SUPPLIED DATA
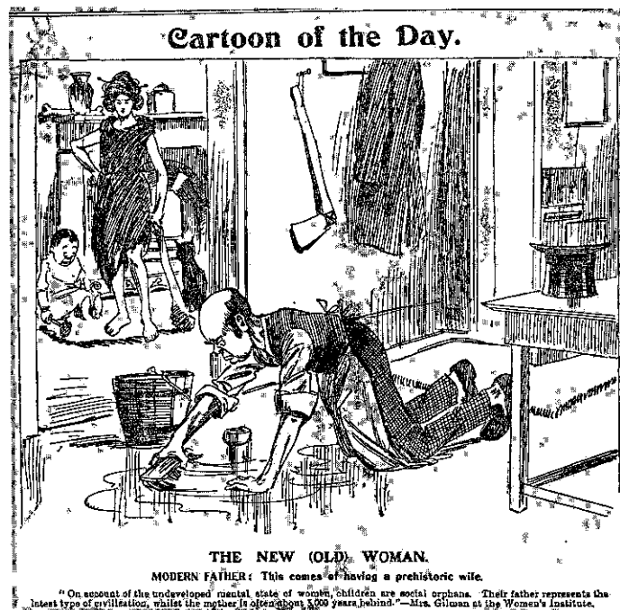
Fig. 11. Cartoon from the London Morning Leader, March 2, 1905, illustrating Gilman's views (presented in a lecture during one of her many tours) that by forcing women to remain in the home, society made women "savages" compared to active, "civilized" men.

agonies she had suffered as a young woman, when she had been forced to choose between her race and her sex. When Dr. Mitchell had tried to confine her to the nursery and to exile her from civilization, Gilman had nearly lost her sanity. Women and Economics proved that she had suffered needlessly. Her physician and her society had posed a false dualism: there was no need for her to choose between her womanhood and her race. Women like herself were central to civilization—to its original development, to its past history, and above all, to its future advancement. As Anglo-Saxons, they had every right and every duty to contribute their all to civilization's future by taking part in what had erroneously been called "the male sphere." This was their racial duty, a duty they dared not shirk. For if white women remained domestic "squaws," in a state of savagery, civilization itself was doomed. It was their duty, both as members of their sex and as members of their race, to take up the struggle to advance civilization.
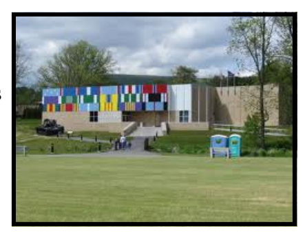
Pa Military Museum, Boalsburg
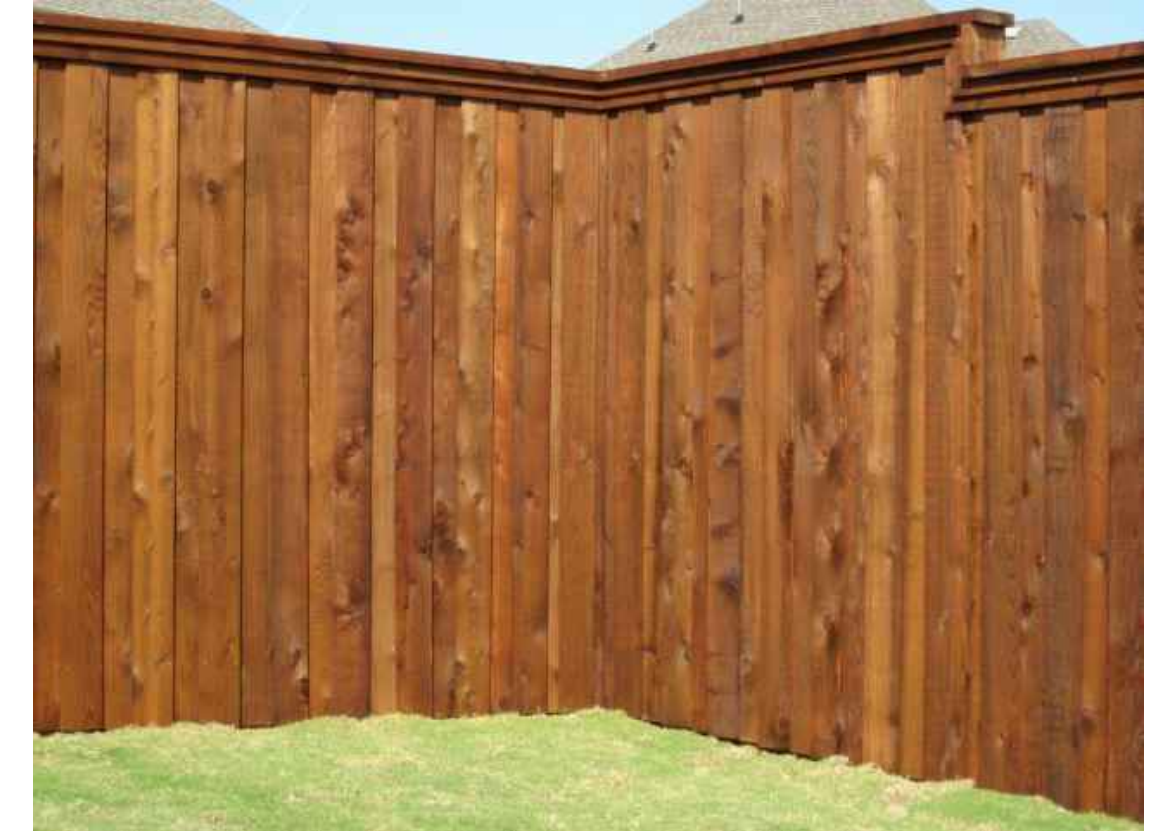
8 FT PRIVACY FENCE

PROPOSED 8 FT BOARD ON BOARD PRIVACY FENCE WITH 26 FT GATE AT DRIVE ENTRANCE
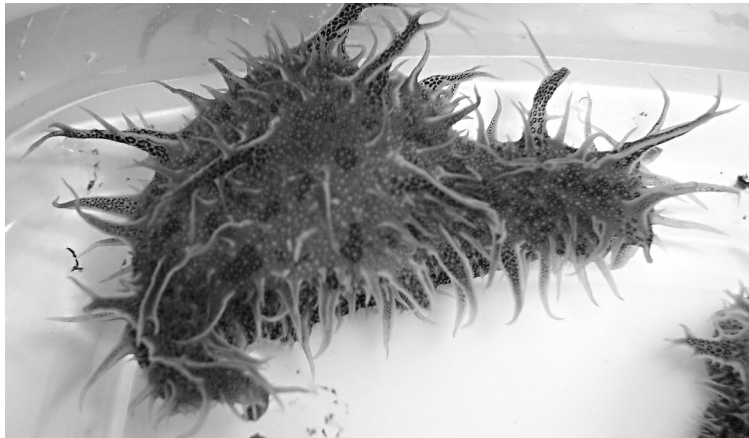
Fig. 2: Dorsal view of Bursatella leachii .

Izmir is the third biggest and one of the most important commercial and industrial cities in Turkey. In addition, Izmir Bay provides a major contribution to the economic development of not only Izmir, but also to the Aegean region of Turkey. On the other hand, due to the many factories producing food, dyes, chemicals, textiles and metals, as well as domestic waste water, up to 2000 the bay has been exposed to heavy pollution (KUCUKSEZGIN et al. , 2006; ÇINAR et al. , 2008). In 2000 the Izmir municipality developed a project called 'The Grand Canal Project' to prevent the flow of pollution into the bay. Current studies on pollution in the bay report that the primary pollution factors are now nutrients and/or organic matter rather than heavy metals (KUCUKSEZGIN et al. , 2006; ÇINAR et al. , 2008).
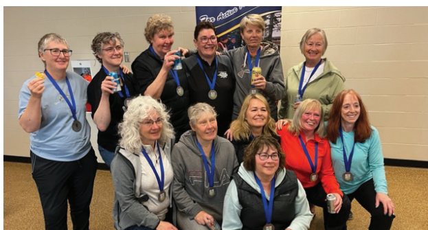
Zone 4 55 + Women's Hockey Silver Medalists
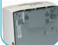
Vertical Wall Mount
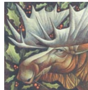
SEASON'S GREETINGS FROM COTTAGE COUNTRY

MAKING ELECTRONIC MEDICAL RECORDS A REALITY The Province is taking a leading role in bringing the world's most advanced medical records system to the province. The Ontario Health Quality Council reports that health care professionals are using electronic medical records to improve patient care. The Province is currently seeking individuals to fill several positions. For more information, please contact the Human Resources Department at 1-888-262-0436 or visit our website at www.wpshtcf.com.
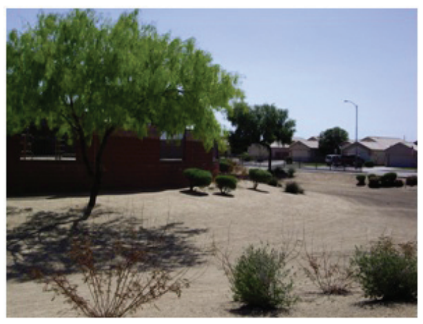
Figure 8: Deer Valley School District: desert landscape with native plants
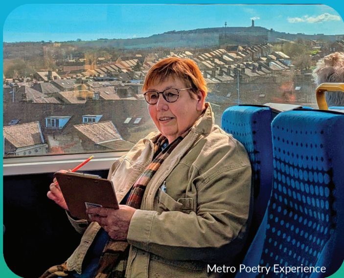
Metro Poetry Experience

EXERCISE DETAILS
Everything from the line containing "Izmir is the" to the final line of the listing above, both ends included, should be transcribed word for word, except for the pictures.

RESPONSE TO THE TASK
Izmir is the third biggest and one of the most important commercial and industrial cities in Turkey. In addition, Izmir Bay provides a major contribution to the economic development of not only Izmir, but also to the Aegean region of Turkey. On the other hand, due to the many factories producing food, dyes, chemicals, textiles and metals, as well as domestic waste water, up to 2000 the bay has been exposed to heavy pollution (KUCUKSEZGIN et al. , 2006; ÇINAR et al. , 2008). In 2000 the Izmir municipality developed a project called 'The Grand Canal Project' to prevent the flow of pollution into the bay. Current studies on pollution in the bay report that the primary pollution factors are now nutrients and/or organic matter rather than heavy metals (KUCUKSEZGIN et al. , 2006; ÇINAR et al. , 2008).
Zone 4 55 + Women's Hockey Silver Medalists
Vertical Wall Mount
SEASON'S GREETINGS FROM COTTAGE COUNTRY

MAKING ELECTRONIC MEDICAL RECORDS A REALITY The Province is taking a leading role in bringing the world's most advanced medical records system to the province. The Ontario Health Quality Council reports that health care professionals are using electronic medical records to improve patient care. The Province is currently seeking individuals to fill several positions. For more information, please contact the Human Resources Department at 1-888-262-0436 or visit our website at www.wpshtcf.com.
Figure 8: Deer Valley School District: desert landscape with native plants
Metro Poetry Experience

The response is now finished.